Segment Open

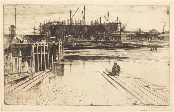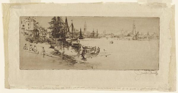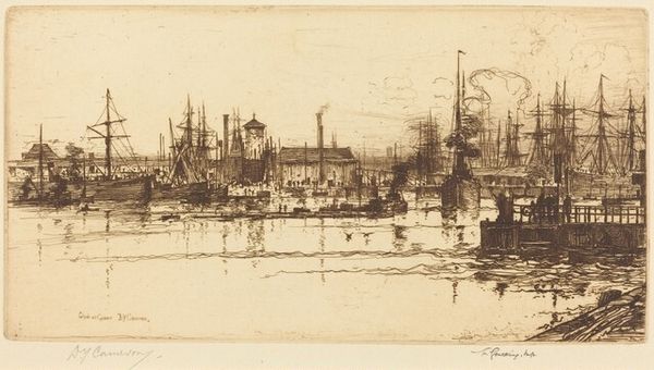 Curator: I'm struck by the energy here. There's a real sense of industry; even though it's rendered in etching, it feels dynamic, bustling. The masts create this spiky silhouette against a somewhat gloomy sky. Editor: Indeed. The work before us is "Glasgow Harbor," an etching by David Young Cameron from 1889. To truly appreciate this image, we must understand the context of Glasgow at that time, a major industrial center of the British Empire. This piece visually encapsulates that era, highlighting labor, trade, and the very architecture of capitalism. Curator: You can certainly feel that pulse in the lines of the ships and buildings. The detail is intriguing—little clusters of people going about their work along the docks. To me, the boats feel less like symbols of commerce and more like skeletal, cage-like structures dominating the harbor. What can we glean from these ships? Editor: Well, ships are complex cultural symbols. They represent both connection and separation—carrying people, goods, and ideas, but also serving as a physical barrier between lands. The multitude of masts could reflect Glasgow’s status as a gateway but also serve as a somber reminder of the exploitative underpinnings of such booming industries. Think of all that transpired on waters across the centuries, good and evil. Curator: Looking at the crowd on the pier, they could be anyone from dockworkers to recent immigrants seeking new beginnings, all tied together by shared geographical circumstances and economic pressures. Editor: Right. Moreover, the etching process itself speaks volumes. Etching's reliance on acid suggests transformation. To what extent do you think Cameron captures a moment of industrial flux and reflects a cultural unease that may have emerged during a period of so-called progress? Curator: Perhaps he's capturing a kind of uneasy dance between the grand promises of industry and the grittier reality experienced on the ground. The sky, subtly etched, hints at a feeling that prosperity might come at the cost of something intangible—like a collective identity or value. Editor: Ultimately, what began for me as a somewhat bleak depiction of labor has deepened into a layered narrative that offers a powerful and nuanced perspective on industrial expansion and society. Curator: I'll leave contemplating the individuals in the crowd—how might they view themselves within the immensity of ships and trade that are etched into this single picture?
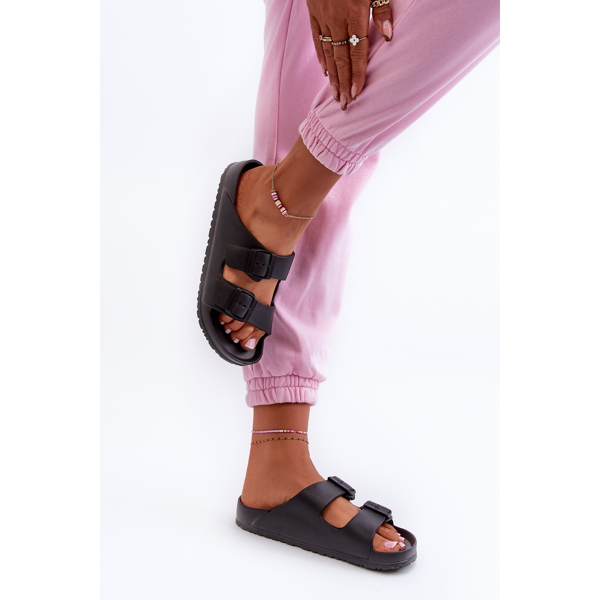 Vous recherchez des chaussures confortables et élégantes pour les journées d'été ? Les tongs en mousse pour femmes avec boucles, noires, sont un choix parfait pour toutes les femmes qui apprécient le confort et le design universel. Fabriquées à partir d'un matériau en mousse légère, ces tongs offrent un confort incroyable et sont parfaites à porter toute la journée, que vous passiez du temps à la plage, au bord de la piscine ou que vous vous promeniez en ville.
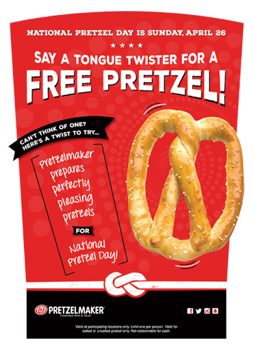 Free pretzel for National Pretzel Day April 26th
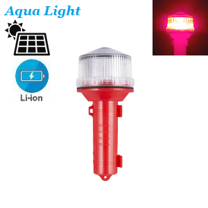 <リチウムイオン電池使用><発光色:赤><明暗センサー付><約1.5-2秒間隔3回連続点滅> 防水型 太陽電池式LED点滅標識灯 発光色:赤
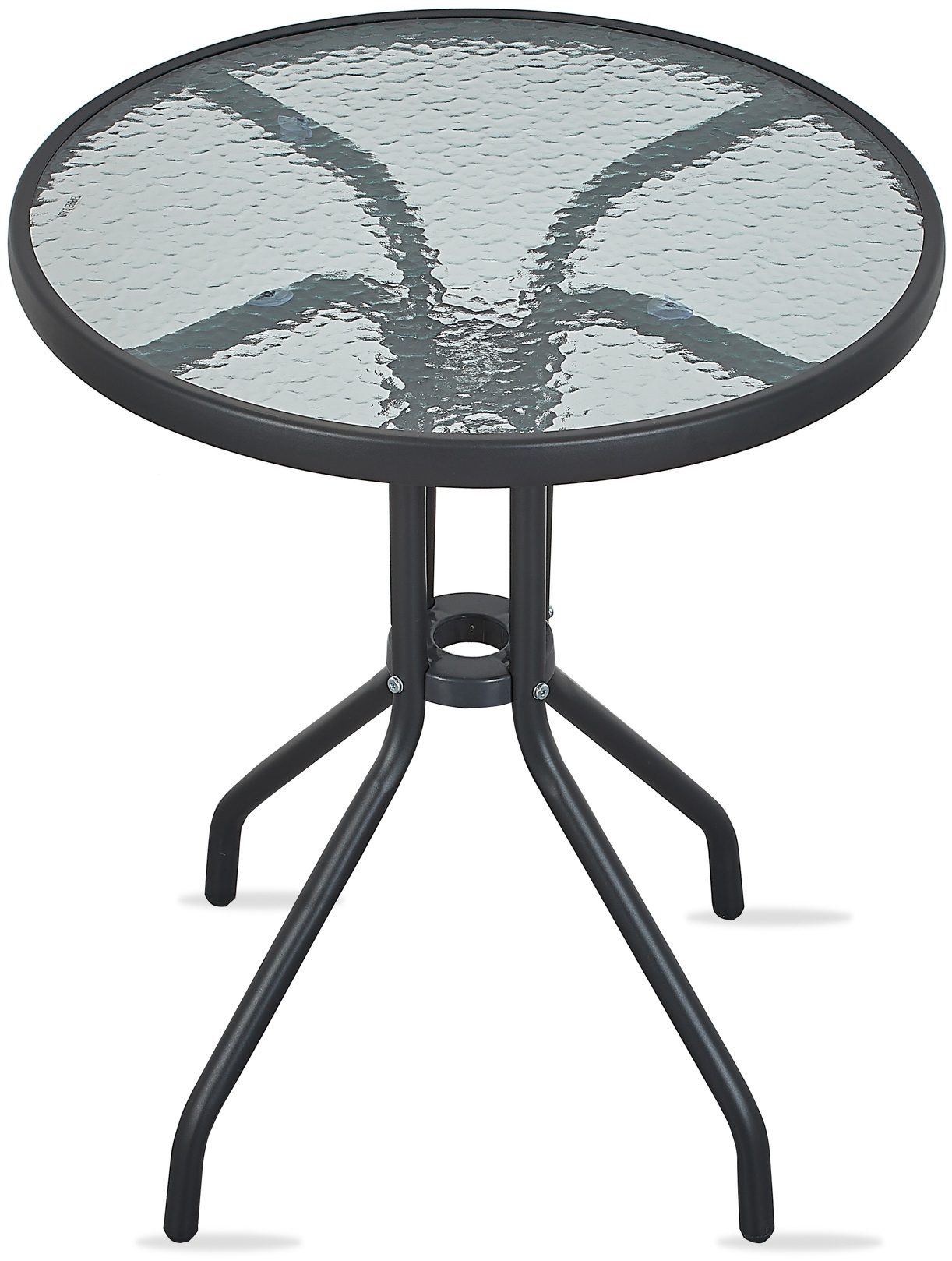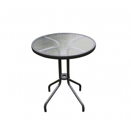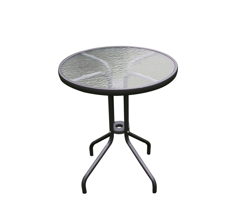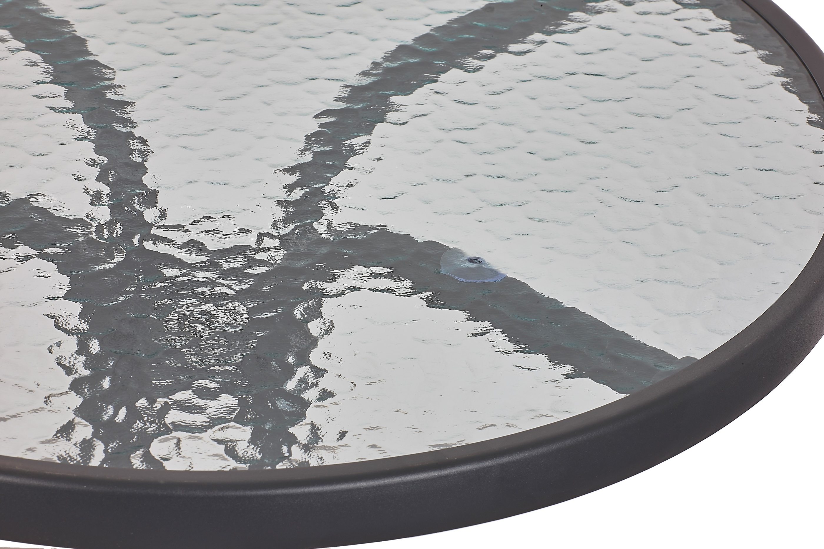 Kerti asztal tömör fémvázzal és recézett üveglappal, modern kialakításban, kertekbe alkalmas, teraszok, kávézók, pavilonok, erkélyek vagy strandok.
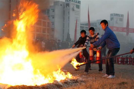 随后,在保卫处工作人员的指导下,部分师生员工按部门、班级顺序依次进行了灭火实战演练。
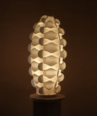 Each lamp is crafted with a maple wood base, textile-grade paper shade, and rubber fittings — no plastics or harmful sealants. Our textile-grade paper is a vegan, leather-like material made from cellulose, water, and natural rubber fibers, giving our lamp shades a soft yet durable finish.
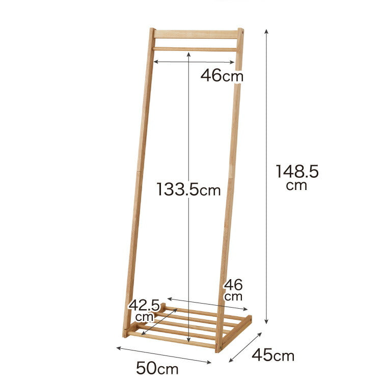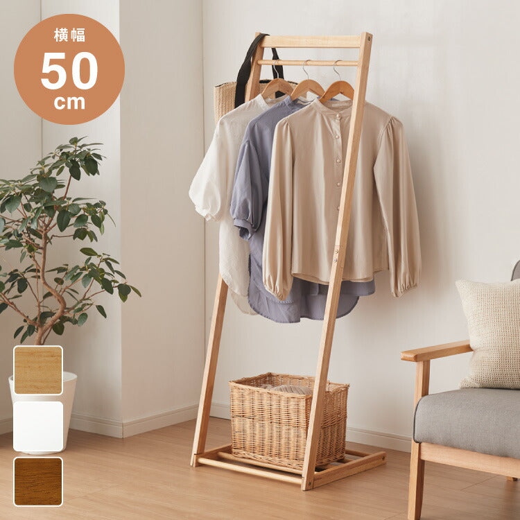 天然木 ハンガーラック 幅50cm 棚付き L型ハンガーラック 省スペース コンパクト スリム ナチュラル ハンガーラック 木製 ポールハンガー コートハンガー 洋服掛け 衣類収納 木製

Segment Closed

◆ **Exercise**
Could you repeat the entries word for word, skipping the pictures they contain?

◆ **Problem solution**
 Curator: I'm struck by the energy here. There's a real sense of industry; even though it's rendered in etching, it feels dynamic, bustling. The masts create this spiky silhouette against a somewhat gloomy sky. Editor: Indeed. The work before us is "Glasgow Harbor," an etching by David Young Cameron from 1889. To truly appreciate this image, we must understand the context of Glasgow at that time, a major industrial center of the British Empire. This piece visually encapsulates that era, highlighting labor, trade, and the very architecture of capitalism. Curator: You can certainly feel that pulse in the lines of the ships and buildings. The detail is intriguing—little clusters of people going about their work along the docks. To me, the boats feel less like symbols of commerce and more like skeletal, cage-like structures dominating the harbor. What can we glean from these ships? Editor: Well, ships are complex cultural symbols. They represent both connection and separation—carrying people, goods, and ideas, but also serving as a physical barrier between lands. The multitude of masts could reflect Glasgow’s status as a gateway but also serve as a somber reminder of the exploitative underpinnings of such booming industries. Think of all that transpired on waters across the centuries, good and evil. Curator: Looking at the crowd on the pier, they could be anyone from dockworkers to recent immigrants seeking new beginnings, all tied together by shared geographical circumstances and economic pressures. Editor: Right. Moreover, the etching process itself speaks volumes. Etching's reliance on acid suggests transformation. To what extent do you think Cameron captures a moment of industrial flux and reflects a cultural unease that may have emerged during a period of so-called progress? Curator: Perhaps he's capturing a kind of uneasy dance between the grand promises of industry and the grittier reality experienced on the ground. The sky, subtly etched, hints at a feeling that prosperity might come at the cost of something intangible—like a collective identity or value. Editor: Ultimately, what began for me as a somewhat bleak depiction of labor has deepened into a layered narrative that offers a powerful and nuanced perspective on industrial expansion and society. Curator: I'll leave contemplating the individuals in the crowd—how might they view themselves within the immensity of ships and trade that are etched into this single picture?
 Vous recherchez des chaussures confortables et élégantes pour les journées d'été ? Les tongs en mousse pour femmes avec boucles, noires, sont un choix parfait pour toutes les femmes qui apprécient le confort et le design universel. Fabriquées à partir d'un matériau en mousse légère, ces tongs offrent un confort incroyable et sont parfaites à porter toute la journée, que vous passiez du temps à la plage, au bord de la piscine ou que vous vous promeniez en ville.
 Free pretzel for National Pretzel Day April 26th
 <リチウムイオン電池使用><発光色:赤><明暗センサー付><約1.5-2秒間隔3回連続点滅> 防水型 太陽電池式LED点滅標識灯 発光色:赤
 Kerti asztal tömör fémvázzal és recézett üveglappal, modern kialakításban, kertekbe alkalmas, teraszok, kávézók, pavilonok, erkélyek vagy strandok.
 随后,在保卫处工作人员的指导下,部分师生员工按部门、班级顺序依次进行了灭火实战演练。
 Each lamp is crafted with a maple wood base, textile-grade paper shade, and rubber fittings — no plastics or harmful sealants. Our textile-grade paper is a vegan, leather-like material made from cellulose, water, and natural rubber fibers, giving our lamp shades a soft yet durable finish.
 天然木 ハンガーラック 幅50cm 棚付き L型ハンガーラック 省スペース コンパクト スリム ナチュラル ハンガーラック 木製 ポールハンガー コートハンガー 洋服掛け 衣類収納 木製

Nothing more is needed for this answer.